▶ **WHAT TO PRODUCE**:
Print back each record unchanged, without pictures.

------ DATA PROVIDED

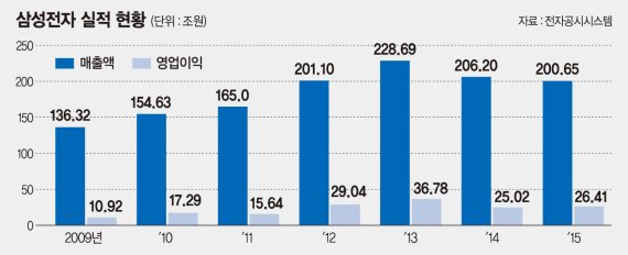 2013년 30조원을 훌쩍 넘긴 삼성전자의 연간 영업이익이 2014년 25조원 수준으로 급감했다. 올해도 연간 영업이익은 2013년에 미치지 못할 것이라는 관측이 우세하다.
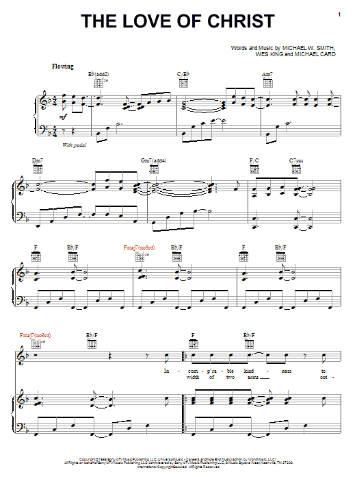 Download or print Wes King The Love Of Christ sheet music, chords and digital score arranged for Piano, Vocal & Guitar Chords (Right-Hand Melody). This Christian score includes 6 page(s).
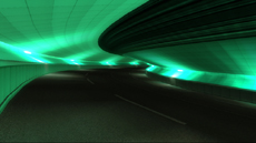 まだ建設中のこのトンネルでは、ジャンプ必至の高い段差が突然襲いかかるので要注意。そしてイエロー、グリーン…とセクションごとに色をかえる近未来的なデザインのトンネルは、うねるようにアップダウンをつけて左右へとカーブし、ハイスピードでドリフトする視線の先に鮮やかな光の流れを描くのです。
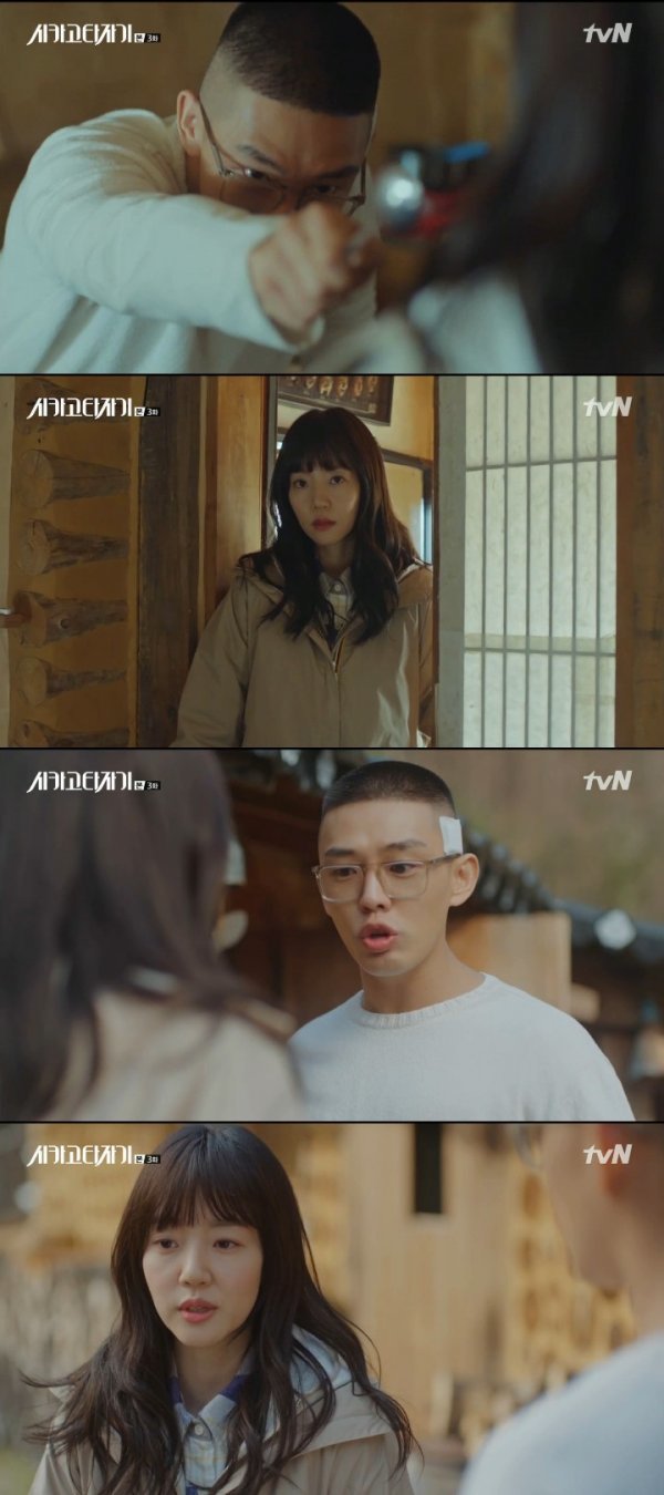 14일 방송된 tvN ‘시카고 타자기’에서는 자신이 감금을 당했다고 생각한 한세주(유아인)이 탈출을 시도하려다 전설(임수정)에게 들키는 모습이 그려졌다.
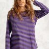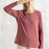 - Simple top in ribbed fabric. Long sleeves and decorative flatlock seams. Pretty accent-colored band at the neck.Size and Measurement

------------

▶ **EXERCISE SOLUTION**:
 2013년 30조원을 훌쩍 넘긴 삼성전자의 연간 영업이익이 2014년 25조원 수준으로 급감했다. 올해도 연간 영업이익은 2013년에 미치지 못할 것이라는 관측이 우세하다.
 Download or print Wes King The Love Of Christ sheet music, chords and digital score arranged for Piano, Vocal & Guitar Chords (Right-Hand Melody). This Christian score includes 6 page(s).
 まだ建設中のこのトンネルでは、ジャンプ必至の高い段差が突然襲いかかるので要注意。そしてイエロー、グリーン…とセクションごとに色をかえる近未来的なデザインのトンネルは、うねるようにアップダウンをつけて左右へとカーブし、ハイスピードでドリフトする視線の先に鮮やかな光の流れを描くのです。
 14일 방송된 tvN ‘시카고 타자기’에서는 자신이 감금을 당했다고 생각한 한세주(유아인)이 탈출을 시도하려다 전설(임수정)에게 들키는 모습이 그려졌다.
 - Simple top in ribbed fabric. Long sleeves and decorative flatlock seams. Pretty accent-colored band at the neck.Size and Measurement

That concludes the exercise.